Он зачислен! За-чис-лен! В это плохо верилось и ему самому, однако все волнения лета — сдаст, не сдаст? — бессонные ночи последних недель, иссушающая душу зубрежка — все позади! Он студент! Через пять лет закончит университет, станет преподавателем истории… Попросится в Шадринск, в свою школу (как только Раю уговорить? Ну, обойдется, поди, время еще есть…) и уж постарается, чтобы его ученики тоже пошли в вузы. Он убедит, докажет, что слепые могут не только валенки катать и делать щетки. Надо лишь захотеть, поверить в себя!

Саша пересек улицу Вайнера, ступил на брусчатку площади 1905 года, вышел к плотинке и постоял там, приходя в себя и слушая город. За спиной грохотали трамваи, проносились машины, шуршали шаги прохожих. С пруда доносились удары весел и голоса ребятишек. Где-то вдали, на ВИЗе наверное, что-то тяжело ухало. Мощный репродуктор доносил голос Левитана.

Саша двинулся дальше, вышел к почтамту. Еще квартал прямо — и поворот на улицу Карла Либкнехта. В середине ее, напротив библиотеки, общежитие. Он поднимется на второй этаж, пройдет коридор и… дома.

Саша жил в небольшой и потому считавшейся привилегированной комнате. Кроме него и Пети Борискова в ней обитали Паша Бубнов, высокий и тощий парнишечка; Наум Дукельский, самый старший из всех, лет тридцати, он учился на филологическом и на том же факультете преподавал латынь; Юрий Абызов, аккуратный и очень усидчивый демобилизованный сержант. Рядом с койкой Бубнова и напротив Дукельского спал Сергей Лапин, удивительно мягкий и душевный человек. Саша узнавал его по поскрипыванию корсета. Лапин был ранен в позвоночник на Ленинградском фронте, перенес первую блокадную зиму и все еще, сколько бы ни ел, чувствовал голод. Впрочем, голодными были все, но Лапин особенно, и потому на приглашения к общему столу неизменно отвечал: «Спасибо, я сыт».

Поселился Саша в этой комнате благодаря Борискову. До этого в ней жил студент Рыбаков. Денег у Рыбакова почему-то было много, продуктов тоже. Готовил на плитке неторопливо, ел подолгу и часто — хоть из комнаты убегай. Надоело Борискову глотать голодную слюну, и он объявил:

— Приехал слепой парень. Поселим его у нас, а Рыбакова я выдворю.

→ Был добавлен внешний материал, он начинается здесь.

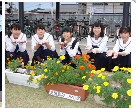
(お花でおもてなし)

「福井しあわせ元気国体・障がい者スポーツ大会」で全国から訪れる方々をおもてなししようと、北陸高校JRC部が、部員全員で心を込めて育てたお花(プランター20基分)を田原町駅前(えちぜん鉄道側)に設置しました。
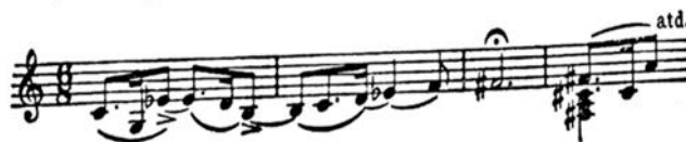
Slika 7 Primjer modulacije iz opere Libuše

(Libušina sudbina) nastale 1869. godine i klavirske skladbe Lístek do památníku u G-duru iz 1848. godine. Poznato je već kako se Smetana nije volio držati strogih harmonijskih pravila što u ovoj operi dolazi do izražaja u korištenju neakordičkih tonova ili modulacijama iz c-mola u fis- mol tako što melodija postupno dosegne ton fis te se zadrži na njemu toliko dugo da slušatelj zaboravi na prethodni tonalitet te od toga tona dalje nastavi melodiju u novom tonalitetu.
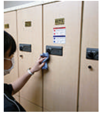
ロッカーの除菌清掃
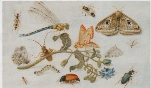
Jan van Kessel d. Ä., Insektenstudie 1660, Caretto & Occhinegro bei der London Art Week

Das Museum Wilhelm Busch erschließt die Bestände durch
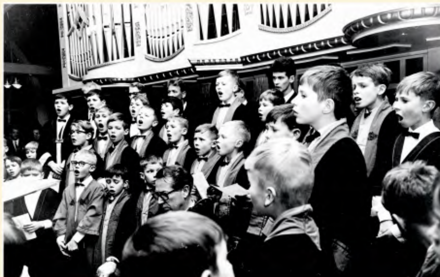
Brøgers Guttekor i Lillehammer kirke på 1950-tallet. Her er det mange kjente lillehammeringer. Vi har en del av navnene, men ikke alle. Gi oss beskjed om de du kjenner.

Se også historielagets hjemmeside, www.faaberghistorielag.no E-postadressen er kirsten.andberg@tele2.no
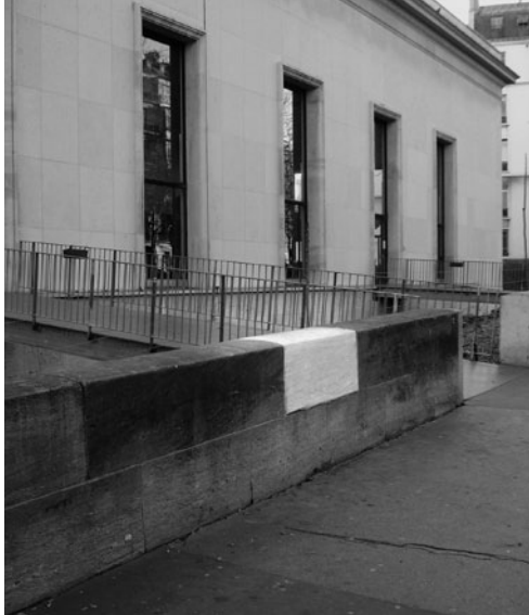
JOHN CORNU Wash art, 2008, Washed architectural element, Palais de Tokyo, Párizs

При всеобщем одобрении Борисков перетащил койку Рыбакова в большую комнату, добыл у коменданта другую, привел Сашу и сказал:

— Будешь жить с нами. Ребята не возражают…

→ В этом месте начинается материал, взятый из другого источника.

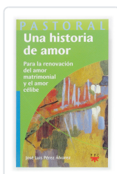
UNA Hª DE AMOR. PARA LA RENOVACION DEL AMOR PEREZ ALVAREZ, J.L.
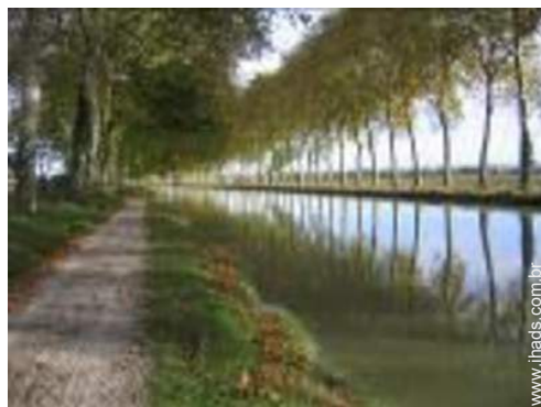
atividades nas proximidades
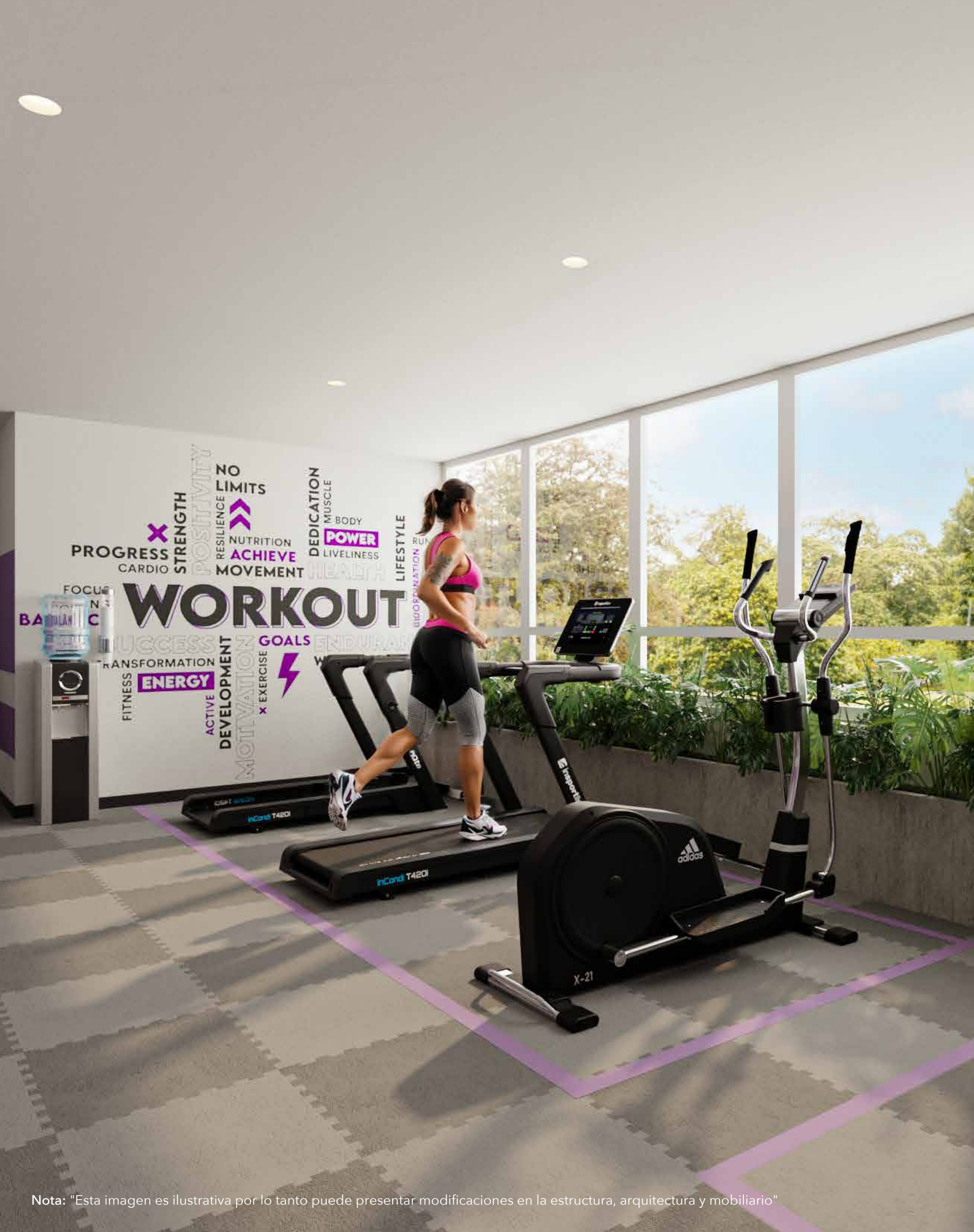
Nota: "Esta imagen es ilustrativa por lo tanto puede presentar modificaciones en la estructura, arquitectura y mobiliario"
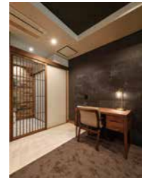
こだわりのデスク
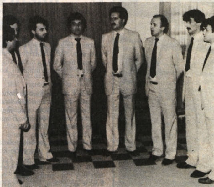
OKTET VITIS – Na proslavi, posvečeni osmemu marcu, je pel tudi oktet Vitis. Prireditev je bila v restavraciji naše delovne organizacije. Oktet Vitis poje že dobra štiri leta in četudi je doživel več kadrovskih sprememb, je njegovo petje ubrano. Fantje so nastopili tudi v Mirni peči.

Саша дошел до общежития, присел на ступеньки каменного крыльца — захотелось вдруг отдохнуть как дома — и задремал. Разбудил его Борисков:

— Ты что, хлебнул на радостях и заснул, как солдат на посту?

— Да нет, хотел передохнуть немного, все забыть…

— Нашел место! Идем домой… Вот твоя кровать. Ложись. Постой-ка, ты есть хочешь?

— Спасибо! Завтра поеду домой.

— «Завтра»! Сегодня маковая росинка во рту была?.

— Нет, — краснея, признался Саша.

— А вчера?

— На утро немного оставалось.

— На два утра и на столько же вечеров, — присвистнул Борисков. — Двигай к столу — у меня пайка хлеба. Сейчас за кипятком схожу.

Борисков принес чайник, разлил кипяток в кружки, бросил в них для сладости сахаринчику, пододвинул одну кружку Саше:

— Вот чай, — примерился, распластал пайку пополам, — а вот и хлеб.

Хлеба было на два прикуса, и они управились с ним быстро. Кипяточку же попили всласть, разомлели.

— Петя, а на фронте очень страшно? — давно хотел задать этот вопрос, но все как-то не получалось.

Борисков хмыкнул;

— Не знаю.

— Почему? Ты же воевал?

— «Воевал»! Меньше, чем мы за столом сидим. И так, что и вспоминать не хочется. В армии служил, верно, а…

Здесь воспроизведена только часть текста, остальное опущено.